V'ron, thanks for the invite. It is nice to have a place to write everything I normally suppress.
Final WW weigh-in today of my 12 week at-work program. 27.8 lost in the past 13 weeks (so it can be done, but can I keep it off??) I've somehow managed to lose every week, so I've been more complacent and not tracking as well lately. OK, there's no point to tracking all cookies and crap I've been eating at all the holiday get togethers. So today I'm up 0.2, but that was actually good since I was sure it would be a gain of 2 lbs. I weigh every morning, so as soon as the scale goes up one day I'm really good the next. Why can't I just be good everyday? Why do I still reach for the cookies instead of the carrots? Went down to the dept lunch (after weigh-in!) and filled up my plate with all the "bad" stuff first. Actually walked right past the fruit salad and thought I'd skip it. What the hell is wrong with me? I did go back and get my veggies and fruit and made sure I ate them first, but I still consumed too much of the rest and the taco dip is calling me from the break room. It's the free food that gets me all the time.

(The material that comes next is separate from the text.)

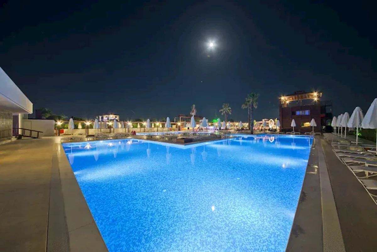 Orzeźwienie i ochłodę znajdziecie Państwo w jednym z naszych basenów (krytym bądź otwartym). Zjeżdżalnia wodna dostarczy mnóstwa wrażeń zarówno młodszym jak i starszym gościom. Położone w cieniu parasoli leżaki idealnie nadają się na chwilę relaksu. Na miejscu dostępny jest ponadto bar z przekąskami. Narty wodne, jet ski, przejażdżki motorówką i przejażdżki na bananie wodnym zapewnią mnóstwo dobrej zabawy amatorom sportów wodnych. Bogata oferta sportowa wewnątrz obiektu obejmuje studio fitness, tenisa stołowego, darta, jogę, zajęcia gimnastyczne i aerobik, jak również za dodatkową opłatą bilard. Obiekt oferuje w Centrum Wellness bogatą gamę zabiegów, w tym saunę, łaźnię turecką i zabiegi masażu, jak również za dodatkową opłatą spa. Do pozostałych możliwości spędzenia czasu wolnego należą program animacyjny, muzyka na żywo, miniklub i minidisco.Karty kredytowe:

Saturday we leave for CA. I wanted to be firmly below 200 before this trip, but I'm still a couple lbs over. Can I really stay focused on vacation? Will I make healthy choices? Have I planned ahead enough on my snacks? I must surround myself with carrots and apples. Here's to hoping for some great low-fat salad options when we eat out and that my mother's gym allows guests!
Good luck to you all through the holidays and beyond.